The exact deduplication process produces the following directory structure:

```s
output_path/
├── ExactDuplicateIds/              # Duplicate identification results
│   └── *.parquet                   # Parquet files with document IDs to remove
└── exact_id_generator.json         # ID generator mapping (if assign_id=True)
```

### File Formats

The workflow produces these output files:

1. **Duplicate IDs** (`ExactDuplicateIds/*.parquet`):
   * Contains document IDs to remove
   * Format: Parquet files with a single ID column
   * Column name depends on `assign_id`:
     * When `assign_id=True`: Column is `"_curator_dedup_id"`
     * When `assign_id=False`: Column matches the `id_field` parameter (e.g., `"id"`)
   * **Important**: Contains only the IDs of documents to remove, not the full document content

2. **ID Generator** (`exact_id_generator.json`):
   * JSON file containing ID generator state
   * Required for removal workflow when `assign_id=True`
   * Ensures consistent ID mapping across workflow stages

<Accordion title="Performance Considerations">
  **Performance characteristics**:

  * Uses MD5 hashing over the configured text field to derive duplicate groups
  * Runs as a Ray-based workflow and writes duplicate IDs to the `ExactDuplicateIds/` directory
  * Stores only document IDs to remove in the output files, not full document content

  **Best practices**:

  * Use smaller `input_blocksize` values (`256MiB` to `512MiB`) with a larger `identification_batchsize` to target 2-6 GB of overall batches as memory allows.

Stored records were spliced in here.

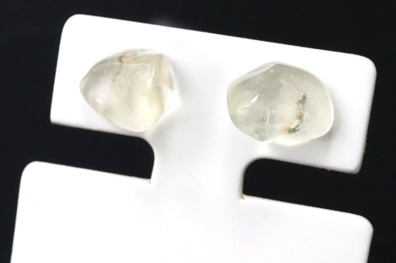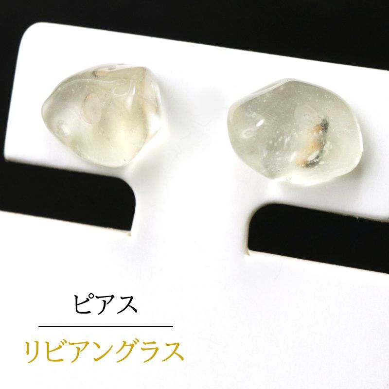 リビア砂漠産のリビアングラスの突き刺し型のピアスです。
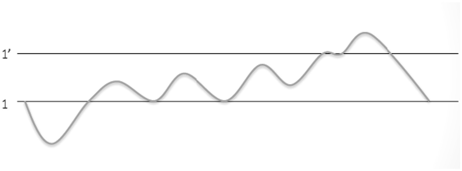 Modal nuclei are improvisatory objects which contribute to the constraints within which performers improvise. In the sequential phrases of the ālāp (the first section of a ḵẖayāl performance) pitches tend to lie within a specific range, developing according to a particular pattern. This strategy of using modal nuclei gradually reveals the rāg, ensuring that all features unique to the rāg are highlighted in the ālāp (Powers, 2001). Structuring the ālāp in terms of these pitch ranges also creates a teachable model for students. The ālāp progresses from the lowest to the highest register of a singer’s voice, with different scale degrees revealed sequentially. This progression is illustrated in Figure 3 in a diagram created by Widdess (2017), where the ‘sa’ of the middle octave and the ‘sa’ of the higher octave are represented by 1 and 1′.
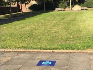 > floor marker outside the World of Glass
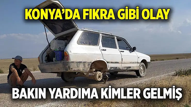 Konya'da fıkra gibi olay Lastik patlayınca bakın yardıma kimler gelmiş
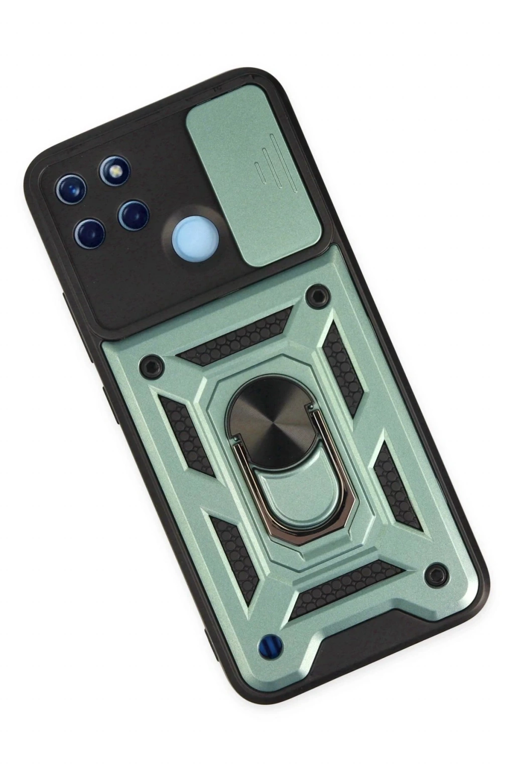 Newface Realme C25Y Kılıf Pars Lens Yüzüklü Silikon - Yeşil
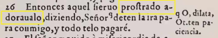 En esta parábola del Evangelio según Mateo, Casiodoro de Reina usó el verbo adorar para referirse al gesto de reverencia y súplica de un siervo ante su rey. Por muchos años las sucesivas revisiones de la Biblia del Oso continuaron usando adorar en este versículo. Así, veamos como vierte Mateo 18:26 una edición de Reina-Valera publicada por las Sociedades Bíblicas Unidas en una fecha tan reciente como 1953:
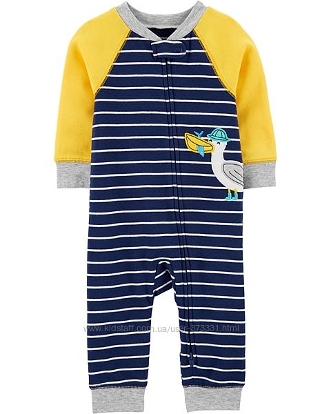 Хлопковые человечки (слипы) для мальчика фирмы Carter´s CША.Слип застегивается на кнопочки или молнию, украшен вышивкой и принтами. Пошит из ткани organic textile. Человечек очень мягкий и приятный на ощупь.
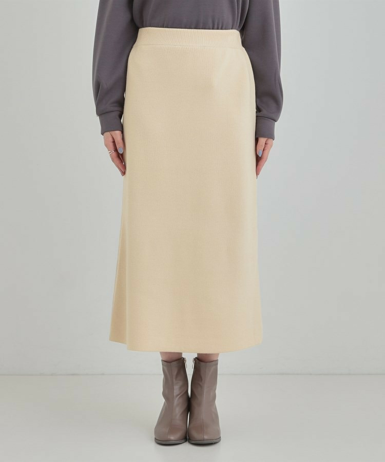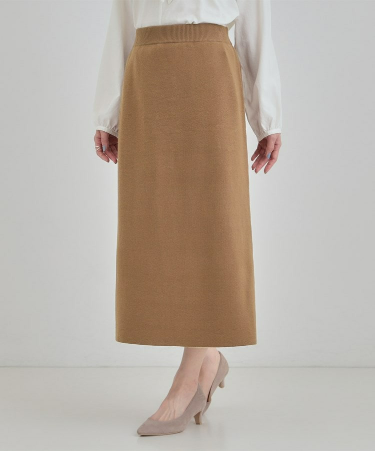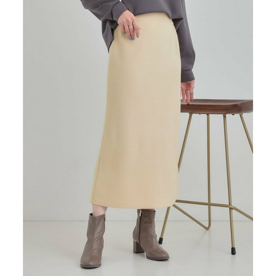 毛玉になりにくい糸で編み立てた、シンプルで着回しがきくニットスカート。
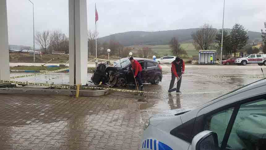 Edinilen bilgilere göre, Murat H. (26) idaresindeki 20 AKD 404 plakalı otomobil, sürücüsünün direksiyon hâkimiyetini kaybetmesi sonucu önce refüje, ardından yol kenarında bulunan LPG istasyonundaki kolona çarptı.
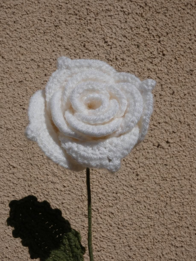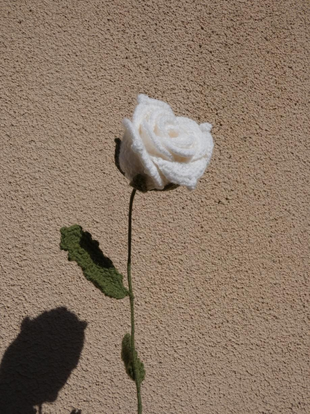 Grosse rose blanche faite à la main en crochet, la tige est en fil de fer recouverte par de la laine verte ornée par deux feuilles vertes.
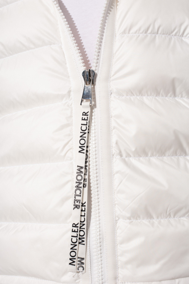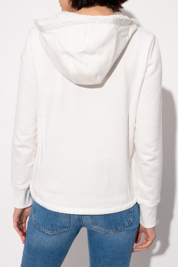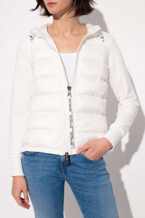 White hoodie from Moncler. Enriched by a quilted down front, this garment features a drawstring hood, two-way zip, sleeve patch with a logo, two pockets with concealed zips and ribbed trims at the hem and cuffs.
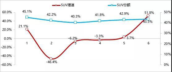 2019年上半年SUV市場月度份額及增速走勢
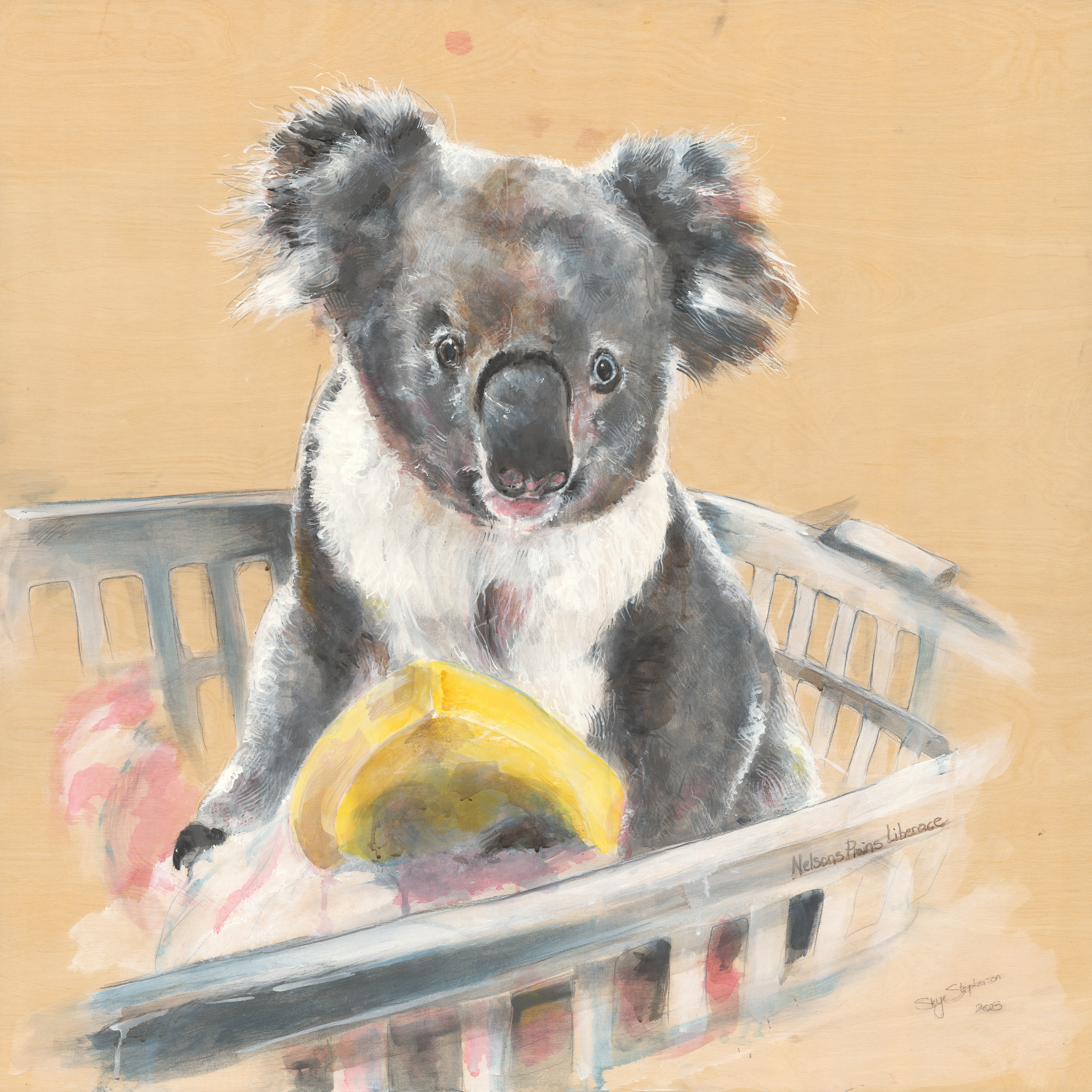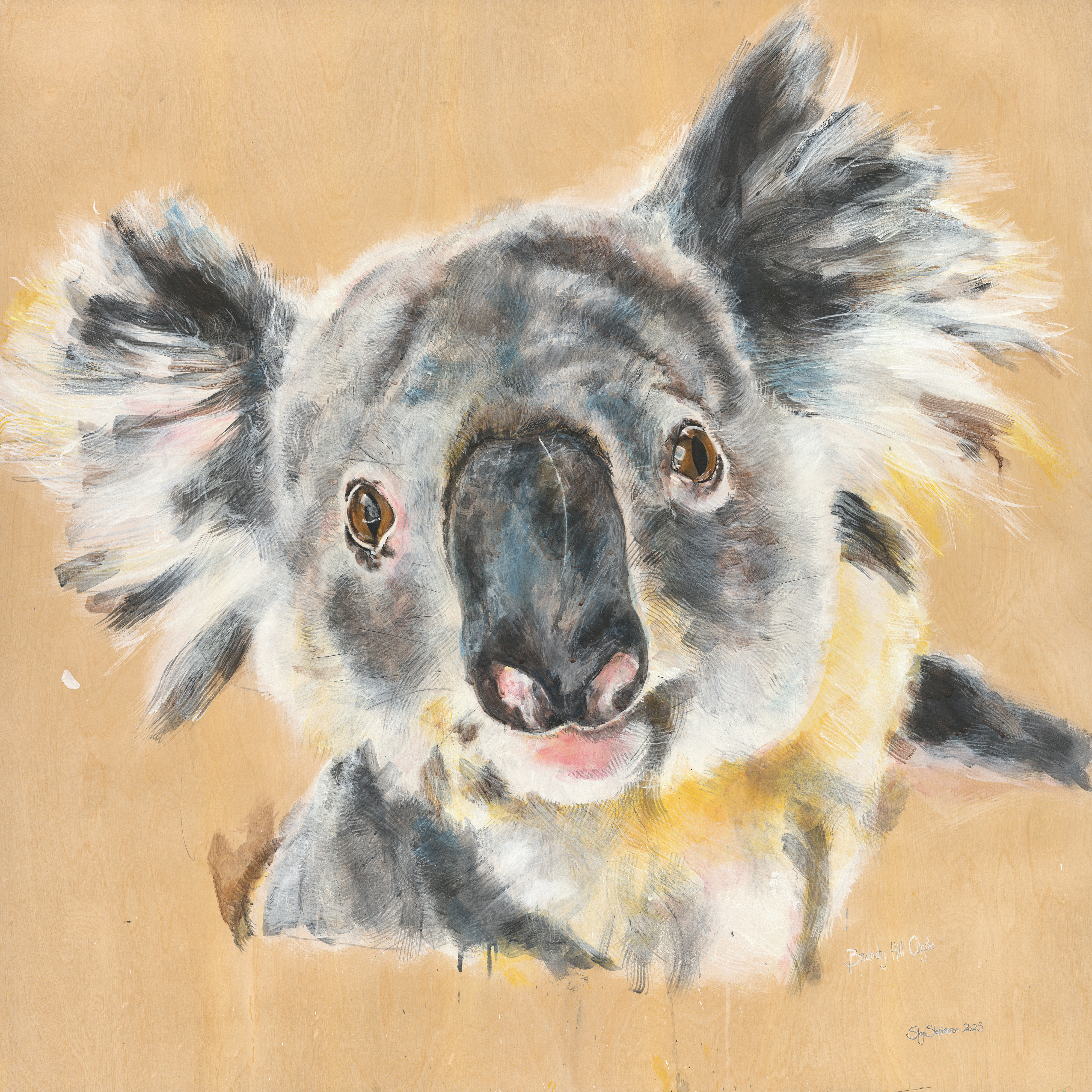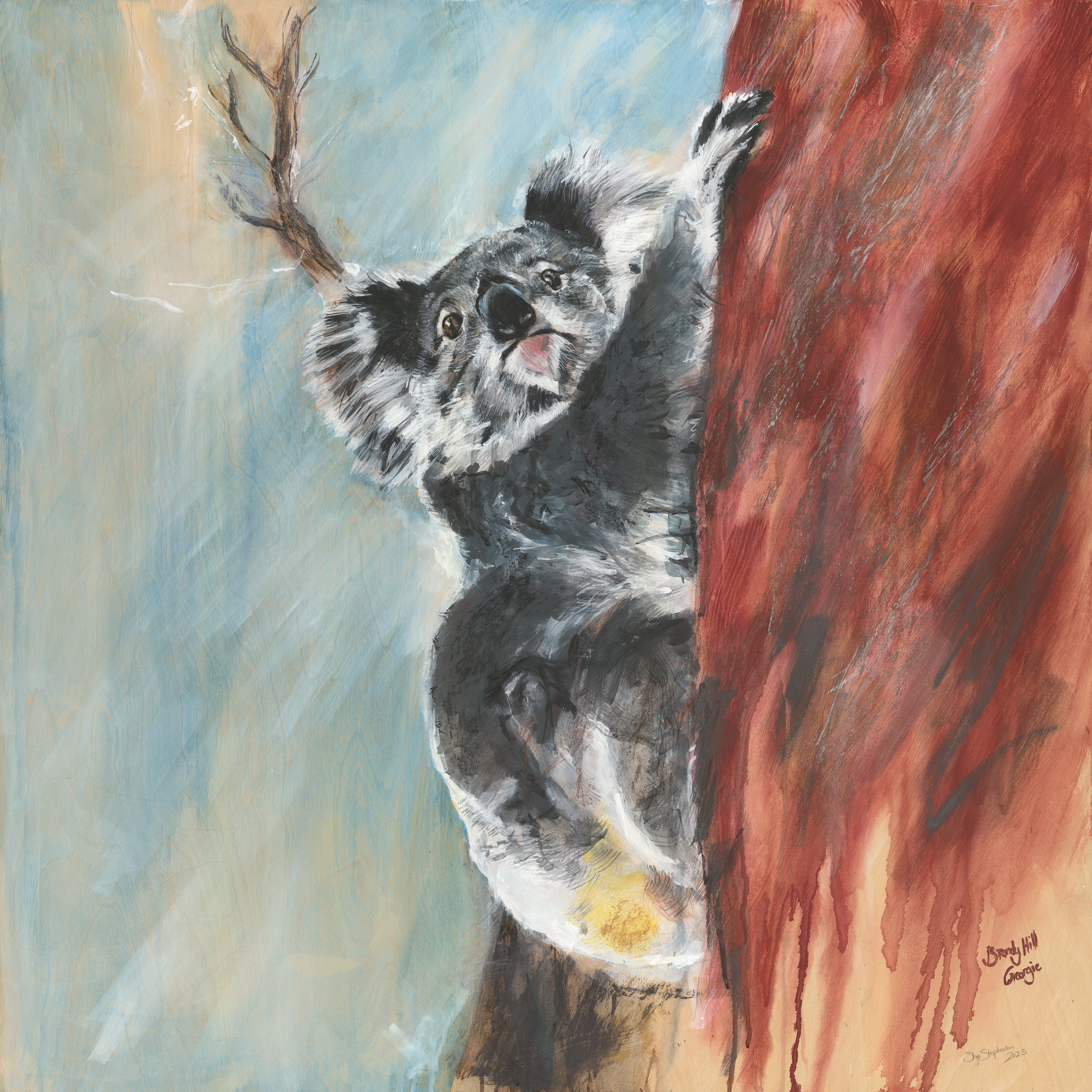 This series of seven koala portraits—Clyde, Gill, Georgie, Gorry, Rellie, Liberace, and Gorry—honours the survival stories of individual koalas returned to the wild by the dedicated team at the Port Stephens Koala Hospital. Rescued from across the West Ward region and released back into their home habitat in Brandy Hill, Hinton, Williamtown, Seaham, and Nelson Plains, these works raise community awareness of the koala populations in our region, encourage preservation of their local environment, and highlight the care and commitment of local wildlife groups working to safeguard their health and habitat.

For example, `input_blocksize="256MiB"` with `identification_batchsize=8` processes \~2 GB per insertion call. This improves both shuffle throughput and removal performance compared to the `2GiB` default.
  * Clear output directory between runs
  * Use `assign_id=True` for consistent ID tracking
  * Setting `total_nparts` to smaller values (`256` or `512`) often leads to better shuffle performance compared to the defaults for really large runs
  * For large cluster runs, tune `rmm_pool_size` and `spill_memory_limit` explicitly to match your hardware and dataset size
</Accordion>

For comparison with other deduplication methods and guidance on when to use exact deduplication, refer to the [Deduplication overview ](/curate-text/process-data/deduplication).